目が覚めても真っ暗でしたが、入り口を開けてみると外は明るくなっていました。蔵の中は音も光もほとんど入ってこないので、少々困ります。
まずはお嬢様の様子を見ようと、階段を上がって牢柵の中を窺います。
すると、あの白い
「お、お嬢様、なにをしてるんですか?」
「あら、アル、だったかしら?」
「はい。おはようございます」
「朝になったのね」
「ええ、もう外は明るくなってますよ。で、なんでそんなに揺れてるんですか?」
「今までよりも少し動きやすくなったみたいだから、体から抜け出せないかと思って」
「抜け出すとどうなるんですか?」
「さあ。たぶんすーっと消えていくんじゃないかしら」
「消えてしまうんですか?」
「消えて、死ねたらいいんだけど……」
「死んじゃうんですか?」
「魂が抜けたら、そうなるはず。やってみないと分からないけど。でも、なかなかうまくいかないわね」
「……う〜ん、ぼくになにかお手伝いできること、あります?」
「そうねえ、引っ張り出してくれる?」
「じゃあ、そばまで行きますね。えーと、このへんつかんでも大丈夫ですか?」
「どこでもいいけど」
「失礼して、と……。あれ、ぜんぜん触れないです」
「やっぱりだめね」
「そうみたいです。あ、でも昨日より動きやすくなったっていうことは、スープを飲んだからじゃないでしょうか」
「そうなの?」
「なんだか昨日よりもちょっと輪郭がはっきりしたみたいな。声も聞こえやすくなってますし」
「ふ〜ん」
「試しにまた食べてみましょうよ」
「どっちみち体は動かないし……。アルにまかせるわ」
「じゃあちょっと朝食もらってきますね」
調理場の裏口まで行くと、中ではメイドさんたちが朝の支度にあわただしく動き回っていました。
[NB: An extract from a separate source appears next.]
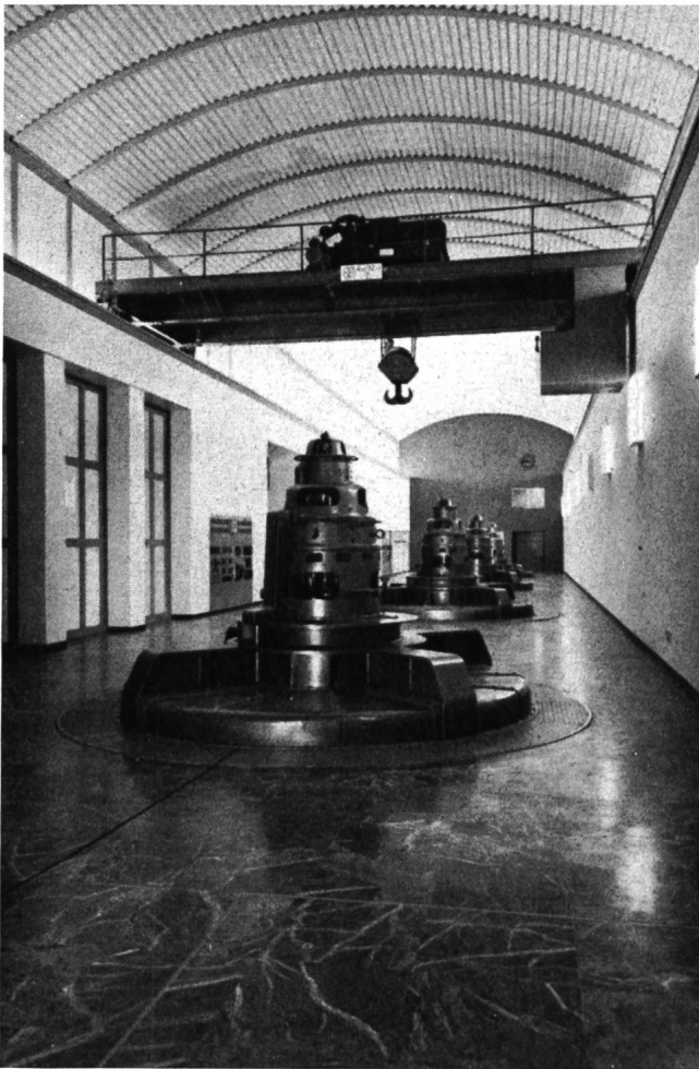
Abb. 3 Inneres der Zentrale Verbano mit vier Maschineneinheiten. Durch den schöngezeichneten grünen Marmorboden und die orangefarbenen Stirnwände wirkt der Kavernenraum sehr ansprechend.

auf Depot gelegt werden, weil die Kiessandgewinnungsstelle nachher überstaut wird.

邪魔にならないように井戸の横でじっと待っていると、
「あら、あなた新入りのお嬢様係の子ね。今手が放せないのよ。あ、暇だったらちょっと手伝って」
通りがかりのメイドさんにそう言われて、薪を運んだり水汲みをしたり野菜を洗ったりと、一時間くらいしてようやく戦場のような調理場が一段落しました。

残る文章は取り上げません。